== Working data

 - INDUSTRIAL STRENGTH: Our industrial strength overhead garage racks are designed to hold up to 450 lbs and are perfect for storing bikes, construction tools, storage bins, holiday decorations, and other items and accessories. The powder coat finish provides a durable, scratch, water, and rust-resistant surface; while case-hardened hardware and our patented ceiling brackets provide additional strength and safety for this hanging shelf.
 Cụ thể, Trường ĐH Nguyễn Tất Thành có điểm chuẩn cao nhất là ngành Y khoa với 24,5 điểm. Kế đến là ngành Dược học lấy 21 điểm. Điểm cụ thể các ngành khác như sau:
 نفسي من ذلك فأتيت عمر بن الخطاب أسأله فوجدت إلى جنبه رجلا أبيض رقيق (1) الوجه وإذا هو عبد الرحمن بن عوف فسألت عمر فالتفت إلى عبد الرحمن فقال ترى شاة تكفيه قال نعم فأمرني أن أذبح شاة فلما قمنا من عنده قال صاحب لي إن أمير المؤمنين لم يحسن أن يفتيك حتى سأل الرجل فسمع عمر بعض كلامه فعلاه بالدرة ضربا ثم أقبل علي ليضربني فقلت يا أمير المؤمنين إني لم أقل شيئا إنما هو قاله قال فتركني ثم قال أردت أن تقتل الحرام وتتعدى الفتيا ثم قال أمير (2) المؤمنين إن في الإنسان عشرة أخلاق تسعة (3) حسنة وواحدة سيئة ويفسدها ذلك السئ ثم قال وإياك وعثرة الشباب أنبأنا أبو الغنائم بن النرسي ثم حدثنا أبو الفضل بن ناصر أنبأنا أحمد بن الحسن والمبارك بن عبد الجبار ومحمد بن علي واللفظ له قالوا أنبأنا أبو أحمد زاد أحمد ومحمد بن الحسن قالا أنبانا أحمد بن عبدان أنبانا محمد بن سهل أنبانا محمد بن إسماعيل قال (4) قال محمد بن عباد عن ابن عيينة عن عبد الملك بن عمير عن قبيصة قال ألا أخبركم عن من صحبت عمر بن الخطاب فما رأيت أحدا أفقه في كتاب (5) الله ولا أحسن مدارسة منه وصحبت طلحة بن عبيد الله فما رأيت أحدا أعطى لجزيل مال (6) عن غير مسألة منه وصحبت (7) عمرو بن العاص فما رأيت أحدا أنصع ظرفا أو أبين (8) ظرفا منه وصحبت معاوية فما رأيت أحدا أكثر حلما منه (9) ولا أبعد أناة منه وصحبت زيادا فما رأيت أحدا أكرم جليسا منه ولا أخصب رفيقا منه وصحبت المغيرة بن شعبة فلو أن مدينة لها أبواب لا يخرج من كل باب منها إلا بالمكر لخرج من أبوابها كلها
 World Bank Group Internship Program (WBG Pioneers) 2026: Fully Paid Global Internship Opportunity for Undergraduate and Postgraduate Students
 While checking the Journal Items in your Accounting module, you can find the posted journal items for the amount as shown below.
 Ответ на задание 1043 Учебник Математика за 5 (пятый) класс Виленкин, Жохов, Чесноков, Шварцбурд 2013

====
== Working data

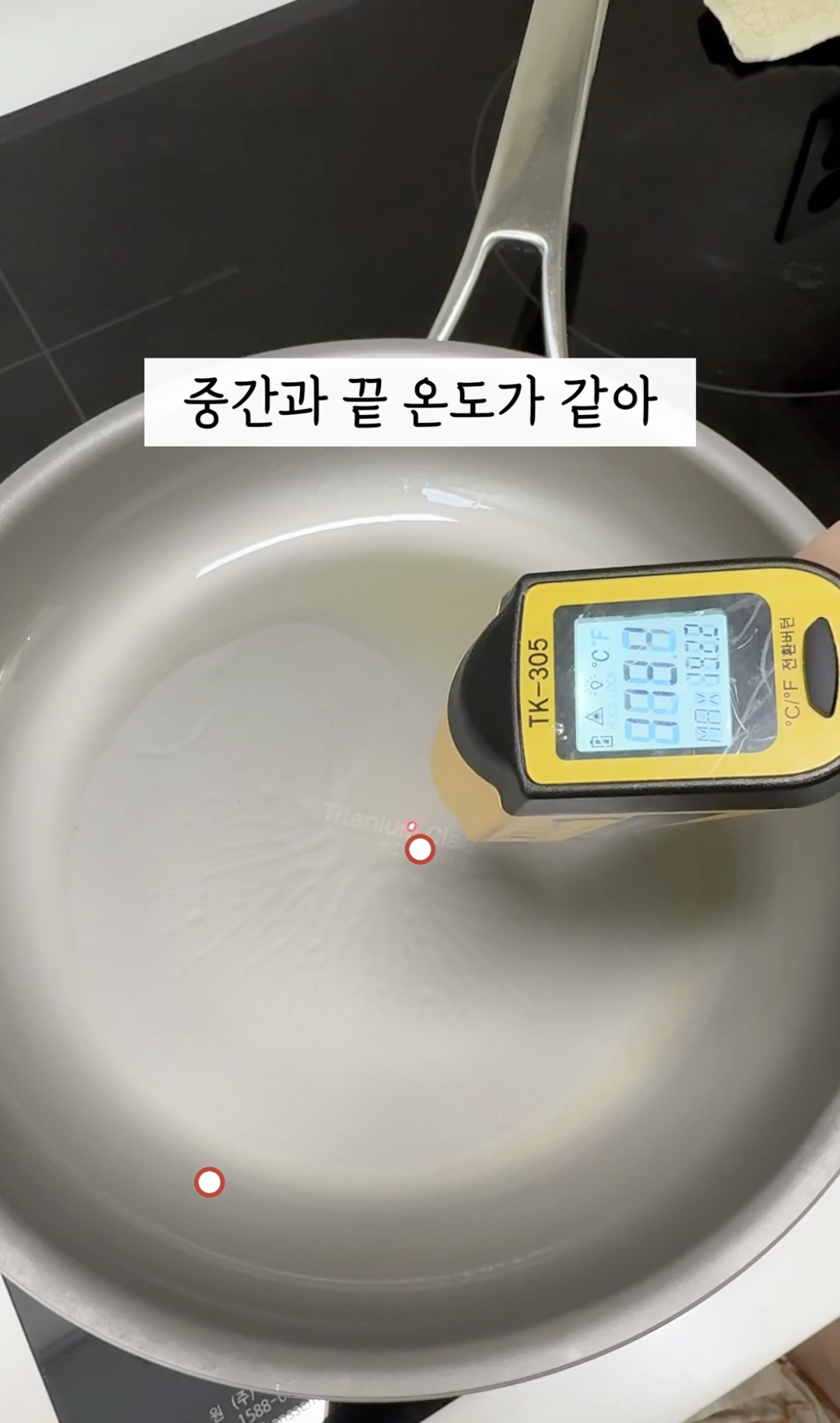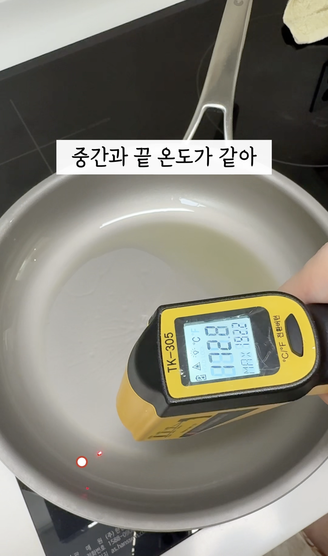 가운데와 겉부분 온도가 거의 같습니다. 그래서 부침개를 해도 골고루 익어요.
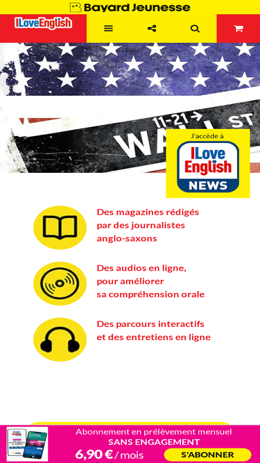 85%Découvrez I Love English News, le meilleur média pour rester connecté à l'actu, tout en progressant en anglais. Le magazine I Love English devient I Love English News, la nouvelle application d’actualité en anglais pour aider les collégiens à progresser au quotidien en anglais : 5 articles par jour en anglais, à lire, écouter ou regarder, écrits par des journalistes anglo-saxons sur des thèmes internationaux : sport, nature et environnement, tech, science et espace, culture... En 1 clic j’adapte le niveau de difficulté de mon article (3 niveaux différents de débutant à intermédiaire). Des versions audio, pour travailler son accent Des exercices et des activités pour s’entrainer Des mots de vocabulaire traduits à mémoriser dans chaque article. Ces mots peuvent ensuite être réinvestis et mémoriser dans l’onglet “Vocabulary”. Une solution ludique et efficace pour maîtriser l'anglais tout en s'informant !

====
== Working data

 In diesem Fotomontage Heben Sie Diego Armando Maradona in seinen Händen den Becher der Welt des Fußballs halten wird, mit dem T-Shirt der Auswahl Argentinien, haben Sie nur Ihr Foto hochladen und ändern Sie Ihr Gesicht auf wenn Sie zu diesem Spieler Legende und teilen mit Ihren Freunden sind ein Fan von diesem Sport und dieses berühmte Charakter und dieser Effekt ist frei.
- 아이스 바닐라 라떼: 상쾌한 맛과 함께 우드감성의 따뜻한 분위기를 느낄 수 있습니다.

====

* **Exercise goal**
Reproduce exactly, and only, the part of the listing above that begins at the line with "World Bank Group" and goes on through the line with "Ответ на задание".

* **Your solution**
 World Bank Group Internship Program (WBG Pioneers) 2026: Fully Paid Global Internship Opportunity for Undergraduate and Postgraduate Students
 While checking the Journal Items in your Accounting module, you can find the posted journal items for the amount as shown below.
 Ответ на задание 1043 Учебник Математика за 5 (пятый) класс Виленкин, Жохов, Чесноков, Шварцбурд 2013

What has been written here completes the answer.